To our surprise, during our first set of CA experiments, we noticed a marked change in the observable outputs for our third repeat compared with the first and second repeats, namely, at the third repeat, no droplets were observed with speed above 5 mm s−1 (see the “Observations leading to the discovery of a temperature effect” section in the Supplementary Materials). Our expectation was to get roughly the same range of droplet behaviors at each repeat because we considered the same droplet system and the same algorithm. After careful investigation of all possible causes for this anomaly (change in chemicals, experimental conditions, robotic process, tracking algorithm, etc.), we identified temperature as the most probable factor behind the observed phenomenon. The temperature in the room might have changed between the second and the third repeat. However, as in all previous reported work on this droplet system (24, 26), the temperature was neither recorded nor controlled, and all experiments were performed at room temperature. A new set of questions emerged: (i) Can a change of only a few degrees Celsius really affect our droplet system? If yes, how and to what extent? (ii) Was it the CA algorithm that allowed the observation of this anomaly? Or would it have been as likely for us to make our serendipitous observation with the random algorithm if the temperature had changed too? We answer first the latter questions and then characterize thoroughly the temperature effect on our droplet system.

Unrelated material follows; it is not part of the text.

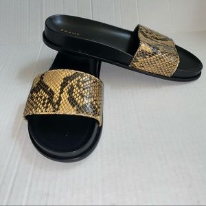 Frame Le Osborne Leather Slide Sandals, New without box, Size 9, Color-Python Multi.
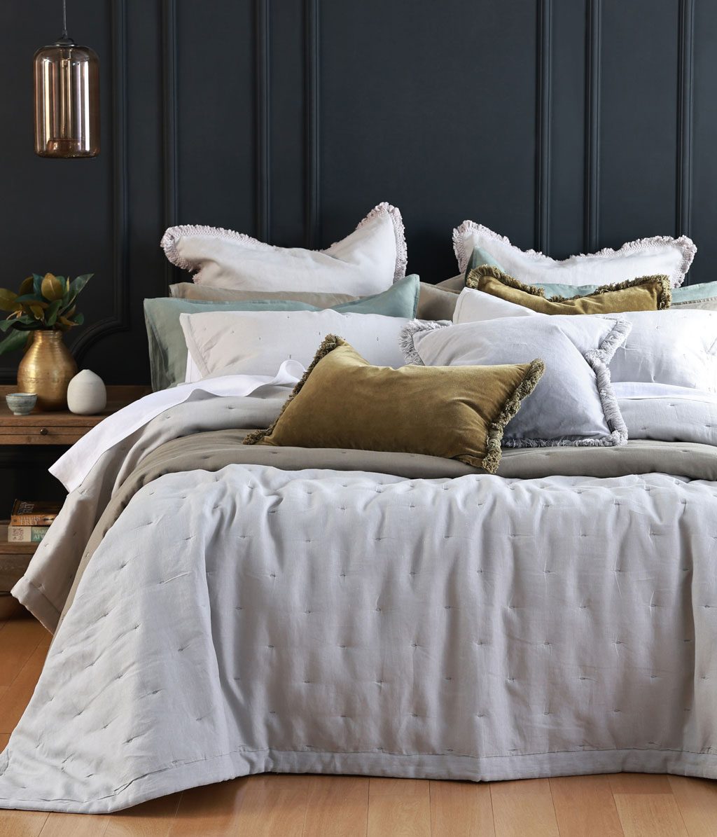 100% Pure Linen Bedspread Set that has been pre-washed for softness, with a white cotton reverse and pintuck embroidery.100% Pure Linen Bedspread Set that has been pre-washed for softness, with a white cotton reverse and pintuck embroidery. Available in a range of colours. Available in a range of colours.

Proving that the discovery was enabled by the CA algorithm

To test whether our discovery was enabled by the CA algorithm, we ran three repeats of both algorithms (CA and random) at 22.6° ± 0.5°C and 27.0° ± 0.7°C (mean ± SD). At 27°C, and given the same budget of 1000 experiments (each lasting 90 s), the CA-robot generated significantly more varied droplet behaviors than the random parameter search (Fig. 3, B and C; notice the higher speed and division of droplets observed using the CA versus the random methodology). We quantified this exploration (see the “Exploration measure” section in the Supplementary Materials) and found that the CA enables us to observe 73.4 ± 15.2% of the total observable space, ca. 3.3× more (P = 0.039, Welch’s t test) than a random parameter search (22.5 ± 2.1%) within the same experimental budget. After only 128 experiments, the CA-robot already generated more varied experiments than random parameter search did in 1000 experiments (Fig. 3A), a sevenfold efficiency gain in time and resources given the same hardware setup. Movie S2 illustrates the exploration over time using both the CA and random; notice how even after as few as 50 experiments, the CA-driven exploration is already identifying more extreme cases of droplet behavior, and this differentiation only increases as more experiments are undertaken. Strikingly, the number of active droplet experiments observed (speed, >3 mm s−1) is as low as 28.7 ± 0.9 for random parameter search but jumps to 395.0 ± 16.5 for the CA, a 14-fold improvement (P < 0.001), without explicitly asking the robot to generate high-speed experiments. This is further visualized in movie S3, which shows videos of the 1st, 10th, and 50th highest speed recipes from the two approaches.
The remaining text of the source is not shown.